:: YOUR OBJECTIVE ::
The stretch wanted below opens at the line containing "Durable ABS construction, reusable" and closes at the line containing "Enjoy your travels". Please return it exactly, with no other lines.

:: ENTRIES SUPPLIED ::
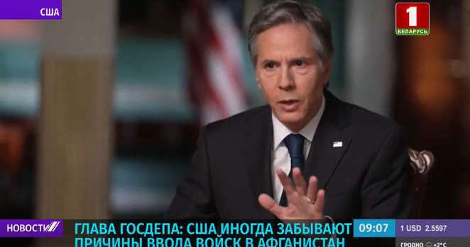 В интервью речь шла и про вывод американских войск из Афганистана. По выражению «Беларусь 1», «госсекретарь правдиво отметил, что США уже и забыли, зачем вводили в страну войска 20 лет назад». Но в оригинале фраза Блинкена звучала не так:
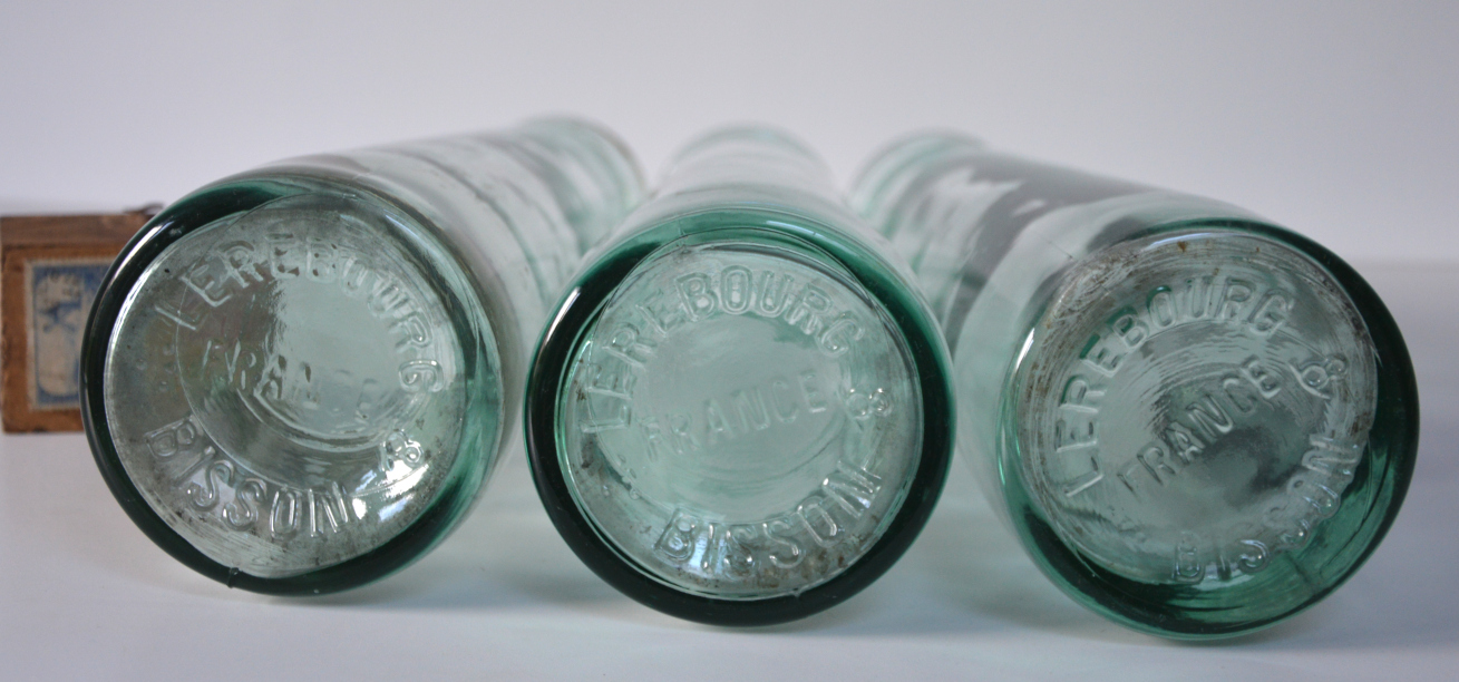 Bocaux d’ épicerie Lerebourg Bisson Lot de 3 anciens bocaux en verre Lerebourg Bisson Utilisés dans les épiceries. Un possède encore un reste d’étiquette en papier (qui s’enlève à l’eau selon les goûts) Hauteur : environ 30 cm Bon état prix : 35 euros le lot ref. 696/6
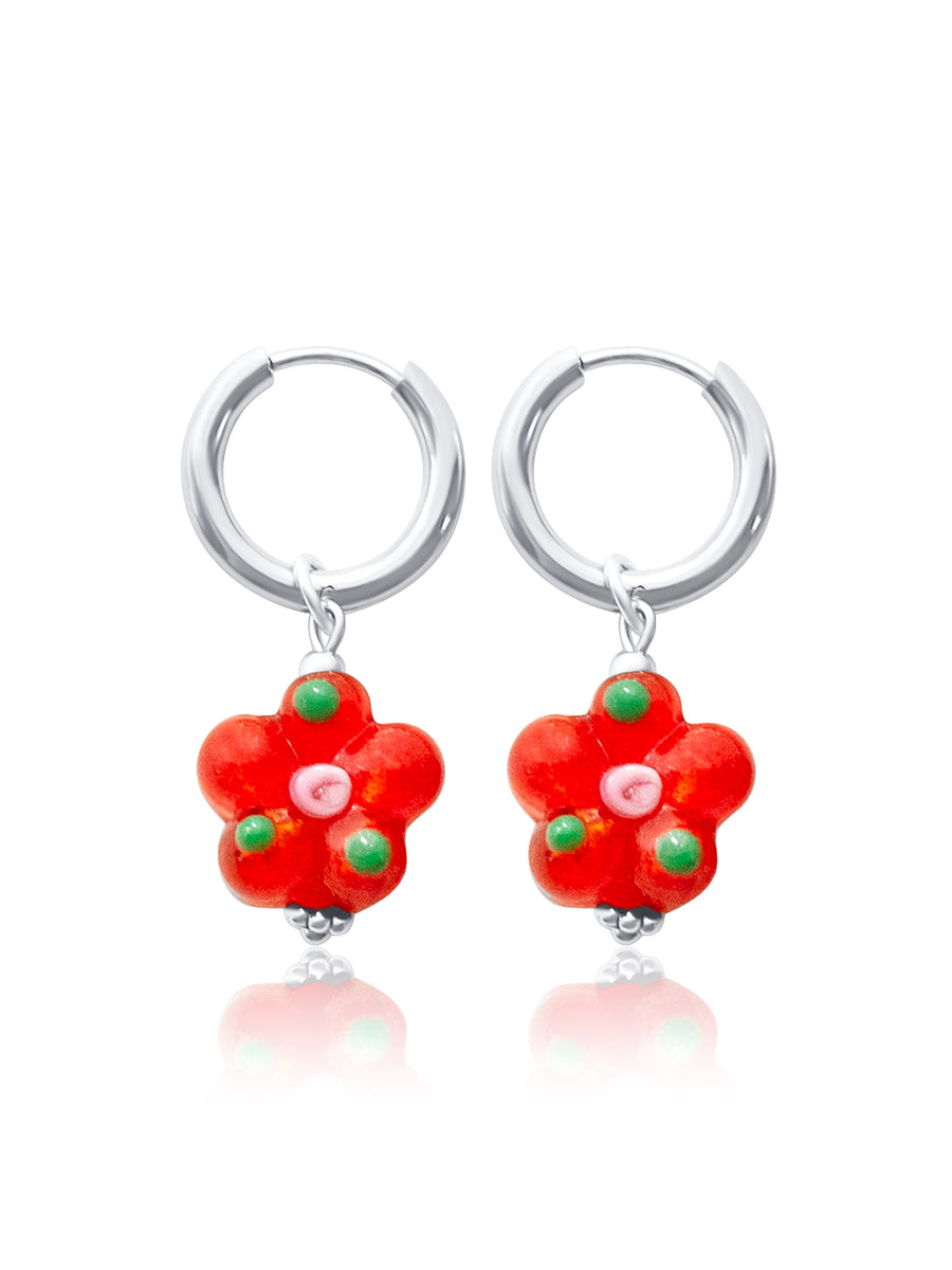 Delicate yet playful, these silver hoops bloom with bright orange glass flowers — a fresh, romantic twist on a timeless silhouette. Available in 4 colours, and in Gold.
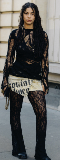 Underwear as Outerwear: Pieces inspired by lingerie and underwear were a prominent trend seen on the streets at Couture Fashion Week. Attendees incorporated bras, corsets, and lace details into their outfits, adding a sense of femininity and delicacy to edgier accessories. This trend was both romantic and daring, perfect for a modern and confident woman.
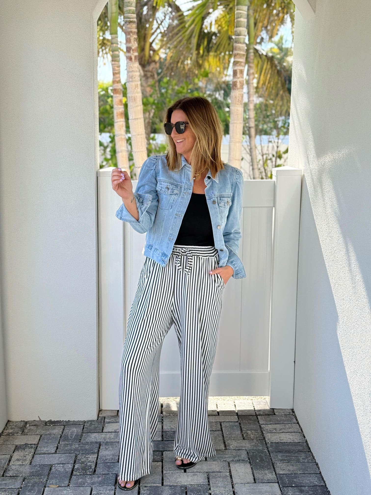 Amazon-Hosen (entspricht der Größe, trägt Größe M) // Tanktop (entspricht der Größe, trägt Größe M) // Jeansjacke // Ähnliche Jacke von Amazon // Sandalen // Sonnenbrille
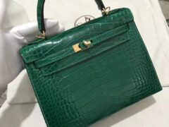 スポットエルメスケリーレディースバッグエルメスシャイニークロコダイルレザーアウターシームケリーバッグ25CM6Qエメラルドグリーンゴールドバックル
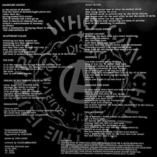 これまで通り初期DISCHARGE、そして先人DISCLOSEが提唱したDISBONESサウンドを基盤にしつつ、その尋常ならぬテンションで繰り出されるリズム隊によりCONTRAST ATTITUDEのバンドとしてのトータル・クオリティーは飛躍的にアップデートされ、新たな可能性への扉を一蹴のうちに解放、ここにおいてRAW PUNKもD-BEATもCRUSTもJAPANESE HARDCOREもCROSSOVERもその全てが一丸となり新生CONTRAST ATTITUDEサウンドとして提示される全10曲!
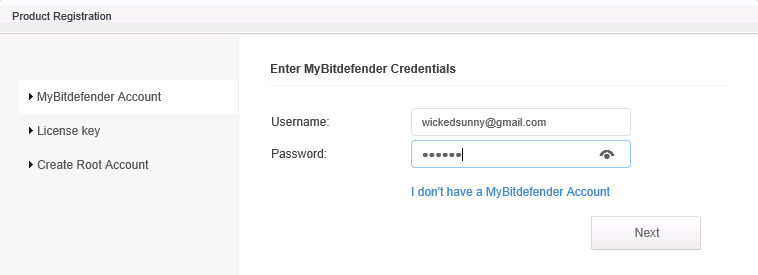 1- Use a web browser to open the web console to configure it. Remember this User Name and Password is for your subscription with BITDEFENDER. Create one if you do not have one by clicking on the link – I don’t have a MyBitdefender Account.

---

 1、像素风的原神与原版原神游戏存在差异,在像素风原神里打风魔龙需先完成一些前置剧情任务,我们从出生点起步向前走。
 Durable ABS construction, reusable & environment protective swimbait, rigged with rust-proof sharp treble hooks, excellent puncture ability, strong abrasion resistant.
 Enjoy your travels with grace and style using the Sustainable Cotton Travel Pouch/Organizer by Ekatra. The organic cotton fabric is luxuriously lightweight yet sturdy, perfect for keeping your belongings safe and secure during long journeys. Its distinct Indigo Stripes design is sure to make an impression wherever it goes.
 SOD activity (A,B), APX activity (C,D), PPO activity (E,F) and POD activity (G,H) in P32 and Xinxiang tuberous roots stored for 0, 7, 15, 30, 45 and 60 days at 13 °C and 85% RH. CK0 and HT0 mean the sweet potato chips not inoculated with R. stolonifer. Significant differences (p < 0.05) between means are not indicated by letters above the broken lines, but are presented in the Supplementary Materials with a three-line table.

:: YOUR SOLUTION ::
 Durable ABS construction, reusable & environment protective swimbait, rigged with rust-proof sharp treble hooks, excellent puncture ability, strong abrasion resistant.
 Enjoy your travels with grace and style using the Sustainable Cotton Travel Pouch/Organizer by Ekatra. The organic cotton fabric is luxuriously lightweight yet sturdy, perfect for keeping your belongings safe and secure during long journeys. Its distinct Indigo Stripes design is sure to make an impression wherever it goes.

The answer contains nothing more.